Your instructions
Please give the whole listing again exactly, without any of its pictures.

Exercise data

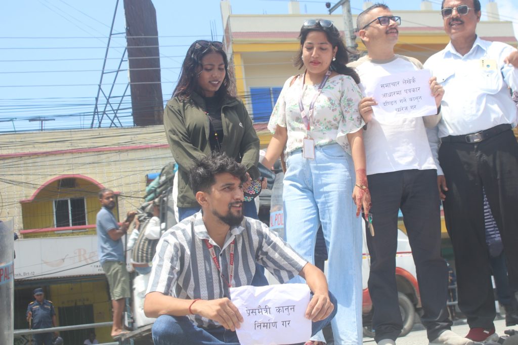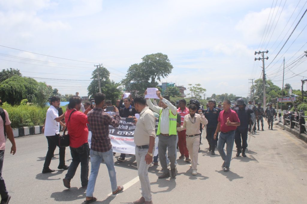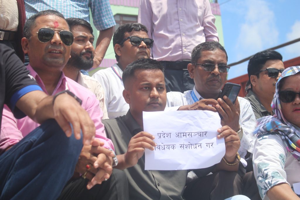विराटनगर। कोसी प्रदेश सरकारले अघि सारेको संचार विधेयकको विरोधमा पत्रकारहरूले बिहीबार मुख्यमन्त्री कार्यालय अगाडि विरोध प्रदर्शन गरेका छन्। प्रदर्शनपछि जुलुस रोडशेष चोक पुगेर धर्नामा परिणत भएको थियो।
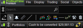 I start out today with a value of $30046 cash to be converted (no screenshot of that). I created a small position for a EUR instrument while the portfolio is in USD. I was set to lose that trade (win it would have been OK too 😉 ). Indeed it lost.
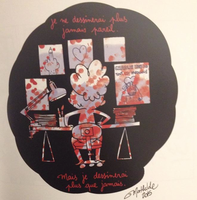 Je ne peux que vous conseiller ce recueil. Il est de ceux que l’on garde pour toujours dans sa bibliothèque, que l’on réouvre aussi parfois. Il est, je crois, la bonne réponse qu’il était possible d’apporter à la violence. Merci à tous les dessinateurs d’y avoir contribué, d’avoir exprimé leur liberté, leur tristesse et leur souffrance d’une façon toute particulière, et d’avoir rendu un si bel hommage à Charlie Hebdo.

Solution
विराटनगर। कोसी प्रदेश सरकारले अघि सारेको संचार विधेयकको विरोधमा पत्रकारहरूले बिहीबार मुख्यमन्त्री कार्यालय अगाडि विरोध प्रदर्शन गरेका छन्। प्रदर्शनपछि जुलुस रोडशेष चोक पुगेर धर्नामा परिणत भएको थियो।
 I start out today with a value of $30046 cash to be converted (no screenshot of that). I created a small position for a EUR instrument while the portfolio is in USD. I was set to lose that trade (win it would have been OK too 😉 ). Indeed it lost.
 Je ne peux que vous conseiller ce recueil. Il est de ceux que l’on garde pour toujours dans sa bibliothèque, que l’on réouvre aussi parfois. Il est, je crois, la bonne réponse qu’il était possible d’apporter à la violence. Merci à tous les dessinateurs d’y avoir contribué, d’avoir exprimé leur liberté, leur tristesse et leur souffrance d’une façon toute particulière, et d’avoir rendu un si bel hommage à Charlie Hebdo.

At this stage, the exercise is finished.